The different Types of Business Entities in India

Doing business in India requires one to select a type of business body. In India one can choose from five different types of legal entities to conduct web business. These include Sole Proprietorship, Partnership Firm, Limited Liability Partnership, Private Limited Company and Public Limited Company. The choice on the business entity is right down to various factors such as taxation, ownership liabilities, compliance burden, investment options and exit strategy.

Lets look at each of these entities in detail

Sole Proprietorship

This is the most easy business entity set up in India. It does not have its own Permanent Account Number (PAN) and the PAN of the owner (Proprietor) acts as the PAN for the Sole Proprietorship firm. Registrations several government departments are required only on a need basis. For example, if the business provides services and repair tax is applicable, then registration with the service tax department is forced. Same is true for other indirect taxes like VAT, Excise thus. It is not possible to transfer the ownership of a Sole Proprietorship from one individual another. However, assets of such firm may be sold from one person diverse. Proprietors of sole proprietorship firms have unlimited business liability. This is the reason why owners’ personal assets could be attached to meet business liability claims.

Partnership

A partnership firm in India is governed by The Partnership Act, 1932. Two or more persons can form a Partnership subject to maximum of 20 partners. A partnership deed is prepared that details you may capital each partner will contribute towards the partnership. It also details how much profit/loss each partner will share. Working partners of the partnership are also allowed to draw a salary reported by The Indian Partnership Act. A partnership is also in order to purchase assets in the name. However internet websites such assets always be partners of the firm. A partnership may/may not be dissolved in case of death of this partner. The partnership doesn’t really have its own legal standing although a unique Permanent Account Number (PAN) is used on the partnership. Partners of the firm have unlimited business liabilities which means their personal assets can be belonging to meet business liability claims of the partnership firm. Also losses incurred with act of negligence of one partner is liable for payment from every partner of the partnership firm.

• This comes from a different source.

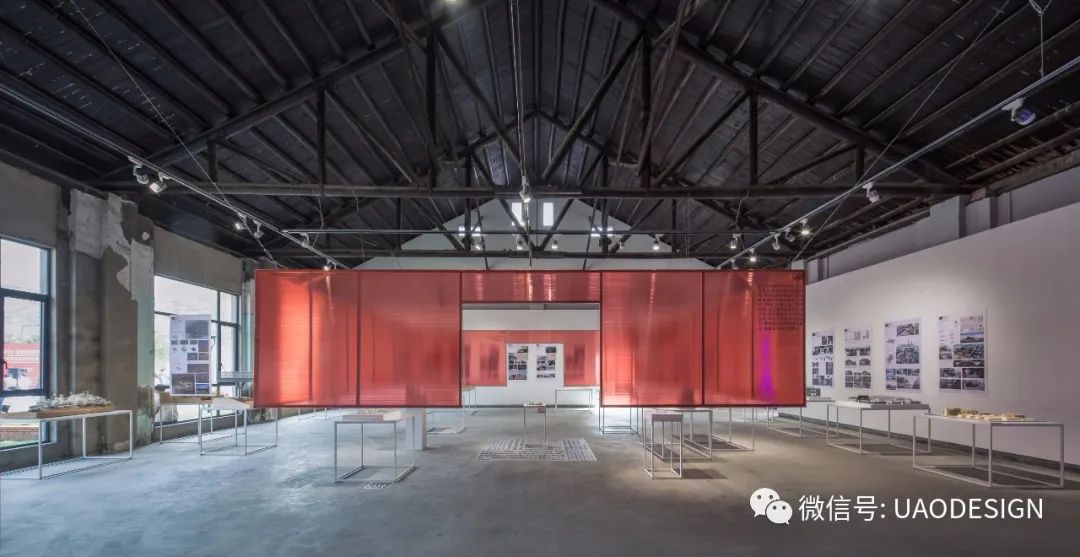 UAO在五个连排建筑的正中切开一个光轴:将中间两跨到三跨的屋顶打开,移除瓦屋面,保留屋顶桁架。屋顶打开后,光线进入建筑内部,自然地形成了一个序列交通空间,串联起两边的展厅,形成“鱼骨”状平面布局。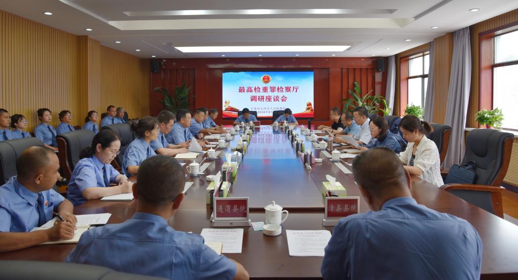 在永靖县检察院,调研组听取了民族地区高质效推动检察工作开展情况,并与一线办案检察官就犯罪态势分析、证据标准把握、行刑反向衔接等刑事检察重点、难点工作进行交流讨论,针对大家提出的办案过程中存在的问题和困惑,调研组进行现场解答和指导,并听取有关意见和建议。

A partnership firm may or may not be registered with Registrar of Firms (ROF). Registration provides some legal protection to partners in case they have differences between them. Until a partnership deed is registered an issue ROF, it may not be treated as legal document. However, this does not prevent either the Partnership firm from suing someone or someone suing the partnership firm within a court of guidelines.

Limited Liability Partnership

Limited Liability Partnership (LLP) firm is really a new form of business entity established by an Act of the Parliament. LLP allows members to retain flexibility of ownership (similar to Partnership Firm) but provides a liability policy cover. The maximum liability of each partner inside LLP is proscribed to the extent of his/her investment in the organisation. An LLP has its own Permanent Account Number (PAN) and legal status. LLP Registration Online in India also provides protection to partners for illegal or unauthorized actions taken by other partners of the LLP. A private or Public Limited Company as well as Partnership Firms can be converted into a Limited Liability Partnership.

Private Limited Company

A Private Limited Company in India is in order to a C-Corporation in u . s. Private Limited Company allows its owners to subscribe to company shares. On subscribing to shares, the owners (members) become shareholders of this company. A non-public Limited Company is a separate legal entity both treated by simply taxation as well as liability. The personal liability within the shareholders is bound to their share finances. A private limited company can be formed by registering corporation name with appropriate Registrar of Companies (ROC). Draft of Memorandum of Association and Actual Association are able and signed by the promoters (initial shareholders) within the company. Usually are all products then sent to the Registrar along with applicable registration fees. Such company get between 2 to 50 members. To care for the day-to-day activities in the company, Directors are appointed by the Shareholders. An exclusive Company has more compliance burden assigned a Partnership and LLP. For example, the Board of Directors must meet every quarter and looking after annual general meeting of Shareholders and Directors should be called. Accounts of the company must prepare yourself in accordance with Tax Act and also Companies Federal act. Also Companies are taxed twice if earnings are to be distributed to Shareholders. Closing a Private Limited Company in India is a tedious process and requires many formalities to be completed.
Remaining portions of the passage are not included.